REQUIRED ACTION
None of the pictures should be copied, though every line of the listing must be printed exactly.

DATASET EXCERPT

◇ ◇ ◇ ◇ ◇ ◇ ◇

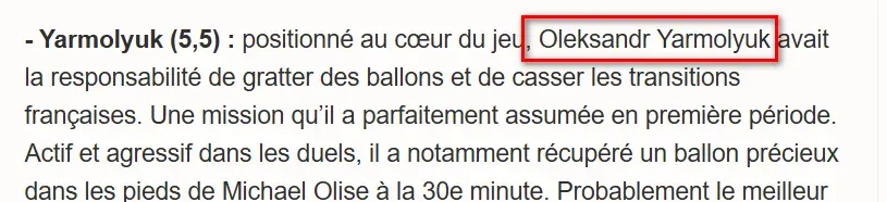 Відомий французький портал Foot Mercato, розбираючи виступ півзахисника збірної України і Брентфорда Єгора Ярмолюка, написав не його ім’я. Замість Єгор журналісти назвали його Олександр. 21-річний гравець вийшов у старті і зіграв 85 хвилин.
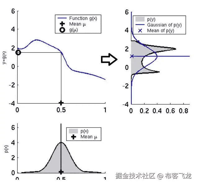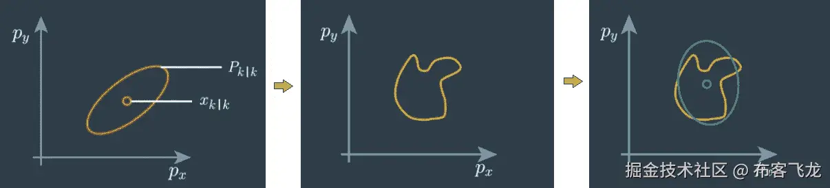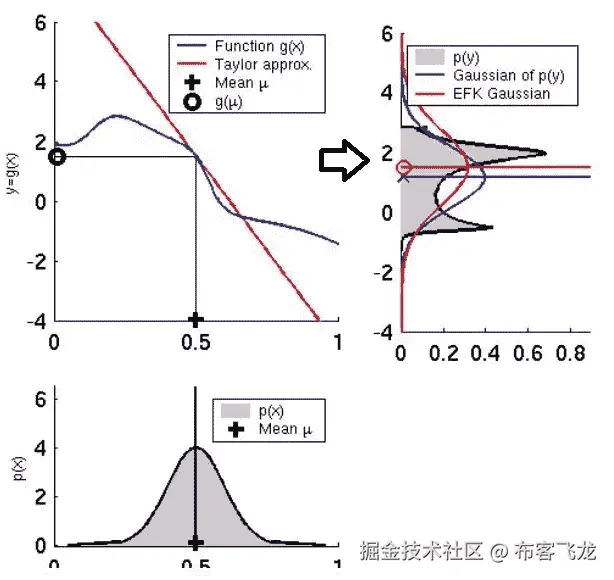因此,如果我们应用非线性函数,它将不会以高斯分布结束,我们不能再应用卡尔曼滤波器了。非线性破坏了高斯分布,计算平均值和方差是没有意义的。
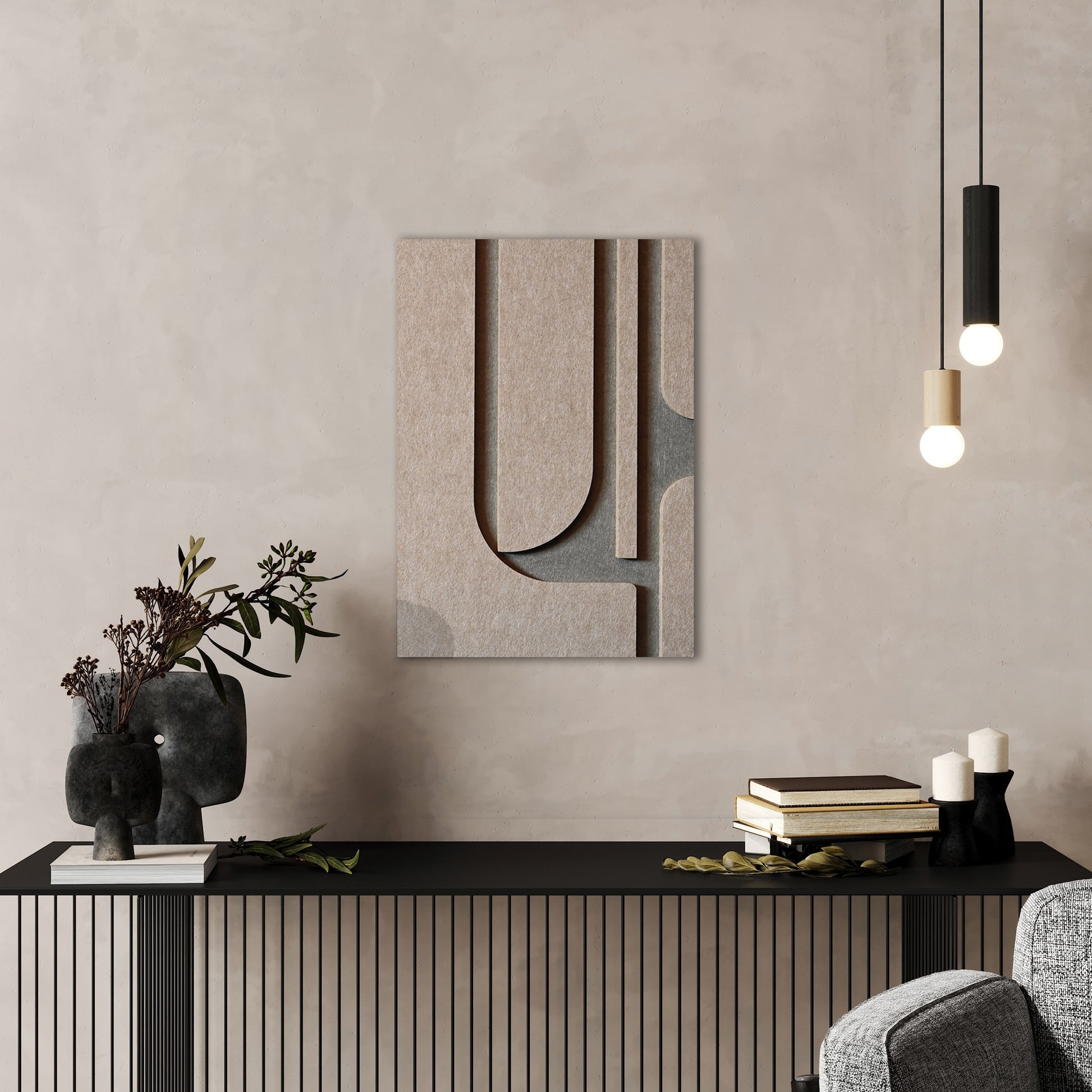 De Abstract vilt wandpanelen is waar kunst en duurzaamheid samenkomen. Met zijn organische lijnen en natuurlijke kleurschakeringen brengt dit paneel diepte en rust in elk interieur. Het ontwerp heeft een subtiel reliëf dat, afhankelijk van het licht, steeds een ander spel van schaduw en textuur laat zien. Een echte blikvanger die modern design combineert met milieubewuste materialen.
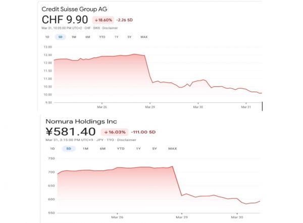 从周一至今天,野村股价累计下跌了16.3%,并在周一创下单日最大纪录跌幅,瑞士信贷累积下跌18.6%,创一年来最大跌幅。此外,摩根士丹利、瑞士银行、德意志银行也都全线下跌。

◇ ◇ ◇ ◇ ◇ ◇ ◇

WRITTEN RESPONSE
 Відомий французький портал Foot Mercato, розбираючи виступ півзахисника збірної України і Брентфорда Єгора Ярмолюка, написав не його ім’я. Замість Єгор журналісти назвали його Олександр. 21-річний гравець вийшов у старті і зіграв 85 хвилин.
因此,如果我们应用非线性函数,它将不会以高斯分布结束,我们不能再应用卡尔曼滤波器了。非线性破坏了高斯分布,计算平均值和方差是没有意义的。
 De Abstract vilt wandpanelen is waar kunst en duurzaamheid samenkomen. Met zijn organische lijnen en natuurlijke kleurschakeringen brengt dit paneel diepte en rust in elk interieur. Het ontwerp heeft een subtiel reliëf dat, afhankelijk van het licht, steeds een ander spel van schaduw en textuur laat zien. Een echte blikvanger die modern design combineert met milieubewuste materialen.
 从周一至今天,野村股价累计下跌了16.3%,并在周一创下单日最大纪录跌幅,瑞士信贷累积下跌18.6%,创一年来最大跌幅。此外,摩根士丹利、瑞士银行、德意志银行也都全线下跌。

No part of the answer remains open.